▶ What you are asked to do
Could you copy exactly the lines below, beginning at the line with "Hand-stitched personalised To" and stopping after the line with "Osvěžovač vzduchu Jelly", with no pictures?
Data in this exercise below:
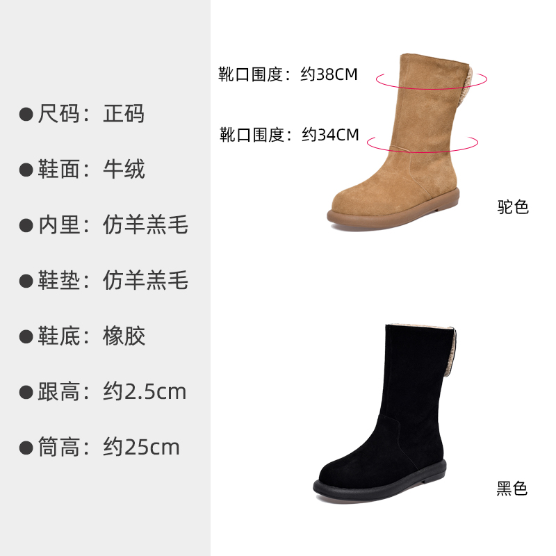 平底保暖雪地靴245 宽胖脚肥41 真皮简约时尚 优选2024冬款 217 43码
End of Data in this exercise.
Data in this exercise below:
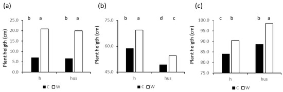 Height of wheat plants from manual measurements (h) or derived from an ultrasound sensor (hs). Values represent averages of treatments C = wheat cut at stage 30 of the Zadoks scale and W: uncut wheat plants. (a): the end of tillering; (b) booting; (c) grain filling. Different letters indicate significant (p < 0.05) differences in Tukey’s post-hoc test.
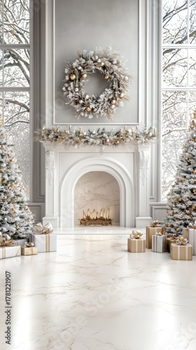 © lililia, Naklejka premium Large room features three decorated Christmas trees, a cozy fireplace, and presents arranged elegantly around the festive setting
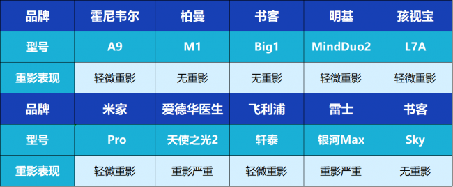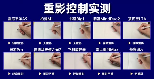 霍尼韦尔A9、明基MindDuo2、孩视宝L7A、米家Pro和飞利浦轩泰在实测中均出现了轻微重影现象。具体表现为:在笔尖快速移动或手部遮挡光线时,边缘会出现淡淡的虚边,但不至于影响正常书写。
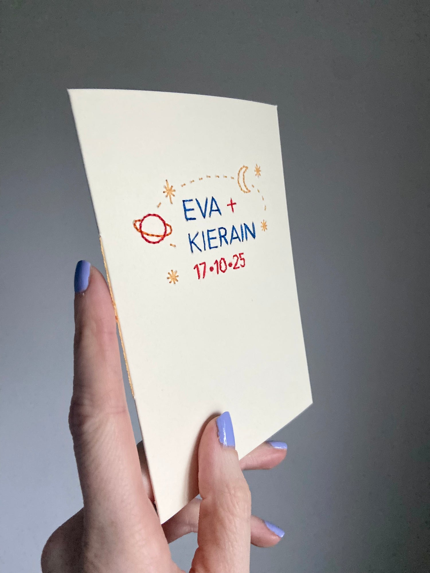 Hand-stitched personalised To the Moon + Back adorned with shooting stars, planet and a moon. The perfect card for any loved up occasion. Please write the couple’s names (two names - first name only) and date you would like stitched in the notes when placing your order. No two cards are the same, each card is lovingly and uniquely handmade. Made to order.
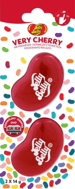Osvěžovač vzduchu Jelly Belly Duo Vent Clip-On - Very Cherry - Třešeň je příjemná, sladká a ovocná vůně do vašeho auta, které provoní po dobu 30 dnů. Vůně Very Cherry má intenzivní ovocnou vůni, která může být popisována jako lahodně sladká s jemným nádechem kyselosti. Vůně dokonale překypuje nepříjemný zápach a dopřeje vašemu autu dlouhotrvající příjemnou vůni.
End of Data in this exercise.
Data in this exercise below:
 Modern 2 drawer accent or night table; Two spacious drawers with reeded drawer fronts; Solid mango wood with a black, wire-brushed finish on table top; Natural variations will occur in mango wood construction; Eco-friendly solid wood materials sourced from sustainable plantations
End of Data in this exercise.
▶ Response
 Hand-stitched personalised To the Moon + Back adorned with shooting stars, planet and a moon. The perfect card for any loved up occasion. Please write the couple’s names (two names - first name only) and date you would like stitched in the notes when placing your order. No two cards are the same, each card is lovingly and uniquely handmade. Made to order.
Osvěžovač vzduchu Jelly Belly Duo Vent Clip-On - Very Cherry - Třešeň je příjemná, sladká a ovocná vůně do vašeho auta, které provoní po dobu 30 dnů. Vůně Very Cherry má intenzivní ovocnou vůni, která může být popisována jako lahodně sladká s jemným nádechem kyselosti. Vůně dokonale překypuje nepříjemný zápach a dopřeje vašemu autu dlouhotrvající příjemnou vůni.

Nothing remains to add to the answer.